My question...is the alternator dying a slow death? I have always known alternators to generally just fail outright. Should I get myself a 6 leaker alternator?
Am i just being paranoid because the alternator doesnt need to work as hard because of the improved connections?
This is mostly coming up as a recently changed jobs and my commute is now very short (3mi or so). I do a loser lap here and there to make sure it runs if there are a few short trips involved, but this is my reality, and i think my alternator is not up too the task.
I used to have a 7 minute commute, it was murder on the batteries. Especially in winter when it is dark to and from my 12hr shifts. After a month I could tell they took longer to crank it over and would get on the highway and run the truck bypass loop so the RPMs would be higher for 30 minutes and charge it up and get everything up to operating temp as well. Then I started hooking up a small 5amp smart charger every time I'd plug the block in below freezing and that helped a lot. Now I have a 10amp maintainer permanently mounted on the PS fender for the past 4 years and randomly plug it in throughout the year. Plus we moved, so the 18 minute commute helps a lot
I'd probably disconnect the batteries and charge each one separately. Then see where they settle out for an at rest voltage. You could have a bad battery pulling down the other and over working the alternator. You want to see at least 12.4 resting voltage from each battery, and they ideally should match exactly.
I agree on replacing (with or without upgrading) the alternator. If the batteries are going bad, it should still show higher charging voltage than that unless things are really bad.
I got my new to me truck about 6mo ago and I was seeing voltages very similar to yours, or even lower as it fluctuated. I realized while doing some other wiring (mirror upgrade) that my pcm wasnt mounted in the plastic cage. Ordered the cage with the ground strap and instantly had higher voltages - not 14v but went up to mid - high 13's idle or driving, far more stable. Coincidence... I think the ground gave better ref signal for the pcm.
Batteries are 850cca kirklands, about 2 years old. The batteries themselves seem fine. They were both 12.6 when i took them out for the cables.
Issue with the really big alternators is that they are crazy expensive to get to canada...and the local ones that big are 4 digits.
I dont plan on a winch or any other large load, so im think a 140 amp from a 6 liter will be better than what i got....and not 4 digits to buy.
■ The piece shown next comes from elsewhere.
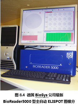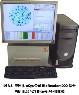 德國Bio-Sys公司從上世紀(jì)80年代開始就致力于生物圖像識別領(lǐng)域,在進(jìn)入ELISPOT圖像分析儀市場后一直以其先進(jìn)的ELISPOT斑點識別技術(shù)聞名。德國Bio-Sys公司首先解決了顯微攝像系統(tǒng)難以定位96孔板上的每一個孔的問題。其解決方法基于圖像識別技術(shù),利用板孔邊壁和真正的孔底的細(xì)微差別,在機械定位的基礎(chǔ)上,通過軟件識別來進(jìn)一步提高每孔的定位精度。是目前市場上所有ELISPOT圖像分析儀中唯一能夠完整識別整個孔底ELISPOT斑點圖像的設(shè)備。在對真假斑點的分辨中,德國Bio-Sys公司除了具備完善的物理學(xué)多參數(shù)識別技術(shù),還特別針對ELISPOT斑點形成的生物學(xué)過程,通過細(xì)胞因子顯色后的“光密度”峰值積分分析方法,精確分辨真假斑點、融合斑點等復(fù)雜情況。Bioreader系列ELISPOT圖像分析儀國外大多數(shù)較有經(jīng)驗的ELISPOT實驗室推崇的特點為:專業(yè)性和參數(shù)全開放性。因為ELISPOT實驗的復(fù)雜性,ELISPOT斑點形成在不同的實驗條件下有非常大的差異。這就對ELISPOT圖像分析儀提出了較高的要求:既要能夠保證斑點計數(shù)的真實性和一致性,又要能夠根據(jù)不同情況,通過實驗者的判斷來校正儀器對ELISPOT斑點識別的標(biāo)準(zhǔn)。要同時實現(xiàn)以上兩個要求,唯一的辦法是將儀器的所有判斷標(biāo)準(zhǔn)向ELISPOT實驗者開放,實現(xiàn)實驗者和儀器的互動。在這一方面,德國Bio-Sys公司始終走在ELISPOT斑點識別領(lǐng)域的前列,新的Bioreader-4000型(圖8.3)和Bioreader -5000(圖8.4) 型在專業(yè)性和適用性方面都領(lǐng)先于其他廠家的設(shè)備。

I think there was a way to get a 6.4l one on there too.
It did output 14.2 once upon a time. It was getting lower in the last month so i did the battery cables as the one was clearly bad while probing around.
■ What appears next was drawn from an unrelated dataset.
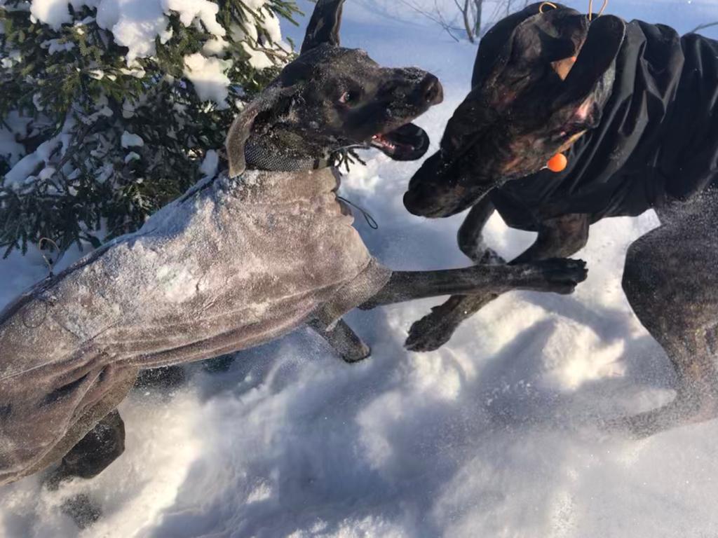 …Ja siitä syystä olikin hyvä ottaa treffit uusiksi heti lauantaina, ja suunnata päiväsaikaan metsälenkille. Minua harmittaa nyt todella paljon, että Pamps ei tallentunut yhteenkään kuvaani metsässä, mutta mukana pikku tirriäinen tuli! Metsäily kolmen koiran kanssa meni jotakuinkin näin: Venla innosti Smeen juoksemaan, ja spurtin päätteeksi Venla löytyi Smeen kyydittämänä selältään lumihangesta. Kun Venla oli saanut isommaltaan riittävän monta lumipesua, se siirtyi helpompaan kohteeseen, eli Pampsin luo. Liian vauhdikkaat leikkiinkutsut saattoivat saada Pampsin huomauttamaan, että nyt vähän varovaisemmin niiden isojen tassujen kanssa. Mutta aina silloin tällöin Pamps innostuikin spurttailemaan doggien kanssa (voi miten mainoita voivatkaan pienen whippetin vauhdikkaat spurtit olla!), vaikka muuten pääsääntöisesti kulkikin Hannan vierellä. Seuraavaksi Venla, tai Smee, aloitti taas uuden spurttailukierroksen, ja rundi alkoi alusta. 🙂

your Alt should put out 14.4v. Just get a bosch or oem alt. the stock alt is just fine. I believe they are 130ish A.
Having good AGM batteries is more important. If I can run a 4000+w stereo system on a Bosch alt and a set of the best AGM's; you will be perfectly fine.
as mentioned, you should check voltage at the ALT though
I dod check the alt voltage and it was the same as the system. Ill check again afterwork today.
Agm are too much $$$ in Canada. Cost of living here is something. I can get 3 reman alts locally for he price of 1 agm. Canada is silly for some items that way.
I will get the on board charger and rig up a on board timer. Good boxing day shopping. I want to get a diesel fired coolant heater too, though that might come later. Im going to be doing a coil swap soonish, so i wanna make sure i stay focused on that.
Alternator voltage at ther terminal is basicly the same as system voltag, a hundredth or so off. Tough to measure accurately as the voltage slowly rised. Around 12.5 or so driving. Idle is 11.8 now. There is a slow and steady decrease with idle voltage. I had to run into town with it after work so it got a decent drive today, about 20mi or so no reason i should be seeing a low voltage...
I replaced the alternator lug, lowered resistance a bit with the batteries fully disconnected.
Got the trickle xharge on it now to bring it back up.
Seems like all roads piont to the alt.
Going down the highway
Start up after the alternator lug change. Alternator voltage basic the same. The truck is in high idle
EDIT: Alternator was quite a bit hotter than the bracket after the 20mi drive. Almost too hot to touch.